ABNnews – Siasat licik dilakukan oleh seorang pemuda berinisial A (26) alias Boy di kawasan Kalideres, Jakarta Barat.
Demi memuluskan bisnis haramnya mengedarkan obat-obatan terlarang, pelaku nekat melakukan kamuflase culas dengan cara membuka sebuah toko plastik agar tidak dicurigai warga dan petugas kepolisian.
Namun, kedok toko plastik yang ternyata di dalamnya menimbun ratusan butir tramadol, hexymer, hingga psikotropika golongan tinggi tersebut akhirnya berhasil dibongkar total oleh jajaran aparat Polsek Kalideres.
Kapolsek Kalideres Kompol Rihold mengungkapkan, penangkapan terhadap tersangka A alias Boy ini dilakukan pada Rabu, 6 Mei 2026 lalu.
Kasus ini berhasil terendus setelah adanya laporan dari masyarakat sekitar yang mencurigai aktivitas penjualan bebas obat keras di lokasi tersebut.
“Menindaklanjuti informasi masyarakat, anggota Unit Resnarkoba Polsek Kalideres langsung mendatangi lokasi dan melakukan pemeriksaan di dalam toko plastik tersebut,” ujar Kompol Rihold, Senin (1/6/2026).
Sementara itu, Kanit Reskrim Polsek Kalideres AKP Rachmad Wibowo membeberkan bahwa saat proses penggeledahan dilakukan, petugas menemukan berbagai jenis obat keras dan psikotropika tanpa izin edar.
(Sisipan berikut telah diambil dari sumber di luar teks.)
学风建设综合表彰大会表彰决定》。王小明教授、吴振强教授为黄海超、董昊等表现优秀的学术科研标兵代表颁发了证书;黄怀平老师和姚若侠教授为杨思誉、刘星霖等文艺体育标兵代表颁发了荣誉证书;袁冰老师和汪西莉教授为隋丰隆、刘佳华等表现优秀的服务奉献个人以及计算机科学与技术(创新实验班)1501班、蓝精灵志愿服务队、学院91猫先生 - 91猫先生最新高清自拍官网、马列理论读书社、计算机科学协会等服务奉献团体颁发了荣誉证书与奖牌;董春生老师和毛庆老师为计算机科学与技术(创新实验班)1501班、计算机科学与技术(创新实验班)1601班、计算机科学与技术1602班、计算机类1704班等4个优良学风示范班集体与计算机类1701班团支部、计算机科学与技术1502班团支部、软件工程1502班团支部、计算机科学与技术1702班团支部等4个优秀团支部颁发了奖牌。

Barang-barang berbahaya itu disembunyikan pelaku di sela-sela barang dagangan toko plastiknya.
“Dari tangan tersangka, polisi berhasil menyita sebanyak 701 butir tramadol, 432 butir hexymer, serta berbagai jenis obat psikotropika lainnya, seperti alprazolam, diazepam, lorazepam, clonazepam, hingga methylphenidate,” papar Rachmad.
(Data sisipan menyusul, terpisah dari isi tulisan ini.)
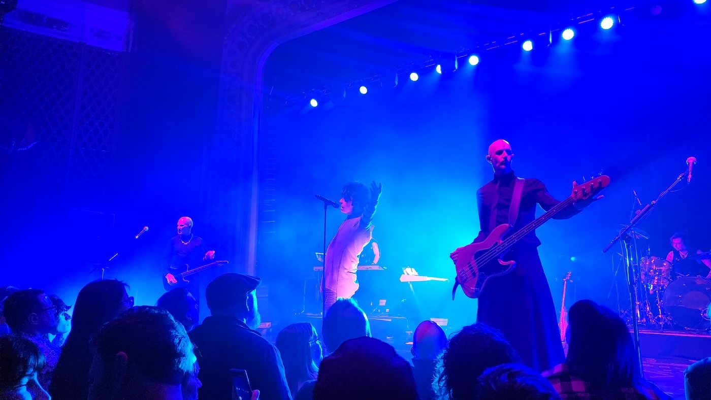 So, at present then, Numan—looking like Yungblud’s dad with his thickly spiky, tousled mane, racoon eye makeup and what appears to be a straitjacket turned into a matching, two-piece tunic/slacks set—is akin to a walking, writhing, thrashing, undulating id as he paced/stalked across the stage of Glenside’s Keswick Theatre. Along with Numan’s tonsorial/sartorial demeanor—so much for the halting robot alien guy he acted as at his start—and a deeply saturated-color light show, his now-deeper voice growled/crooned its way through the mournfully souped-up sounds of “Halo,” “A Prayer For The Unknown” and “Haunted.”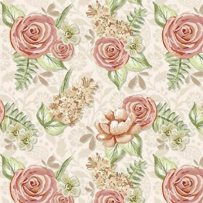 Descrição Tecido Tricoline Digital Floral Romântico Fundo Bege
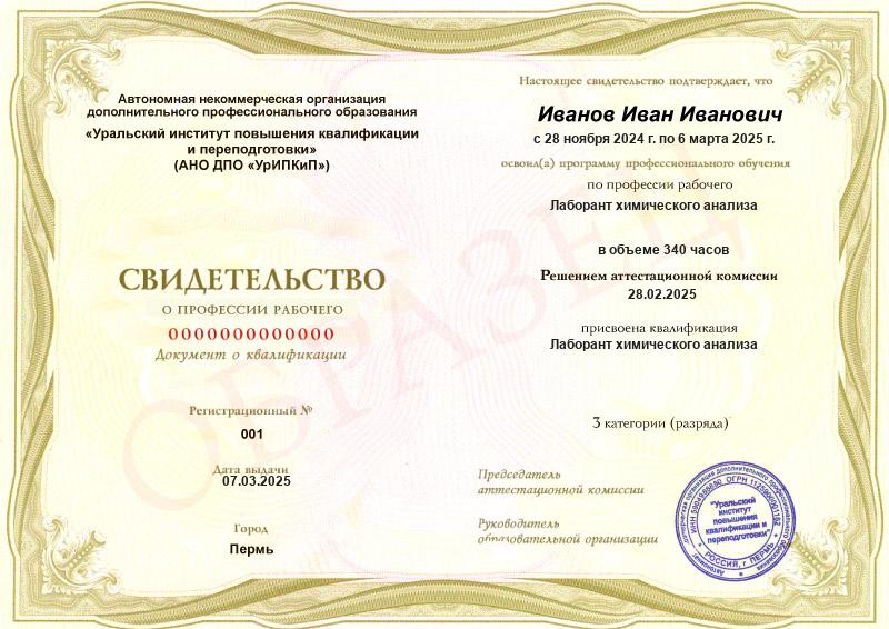 • Свидетельство АНО ДПО «МАСХ» о профессии рабочего с присвоением квалификации «Лаборант химического анализа» — выдается выпускникам со школьным аттестатом

Tak hanya ratusan butir obat koplo, dalam penggerebekan tersebut polisi juga menyita uang tunai senilai Rp 337 ribu yang diduga kuat merupakan uang hasil transaksi penjualan, serta satu unit telepon genggam yang digunakan pelaku untuk menjalin komunikasi dengan para konsumennya.
“Tersangka berikut barang bukti langsung kami bawa ke Polsek Kalideres guna menjalani pemeriksaan dan proses hukum lebih lanjut,” jelasnya.
Hingga saat ini, pihak kepolisian masih terus melakukan pendalaman intensif guna mengorek keterangan dari pelaku terkait asal-usul pasokan obat-obatan terlarang tersebut.
Penyidik juga tengah melacak kemungkinan adanya keterlibatan jaringan atau sindikat pengedar lain yang lebih besar.
Akibat tindakan nekatnya mengedarkan obat keras ilegal di balik kedok toko plastik, Boy kini terancam bakal meratapi nasibnya di balik jeruji besi dalam waktu yang cukup lama.
“Atas perbuatannya, tersangka dijerat Pasal 435 juncto Pasal 436 ayat 2 Undang-Undang Republik Indonesia Nomor 17 Tahun 2023 tentang Kesehatan, serta Pasal 60 ayat 1 huruf b dan atau Pasal 62 Undang-Undang Nomor 5 Tahun 1997 tentang Psikotropika,” pungkas Rachmad.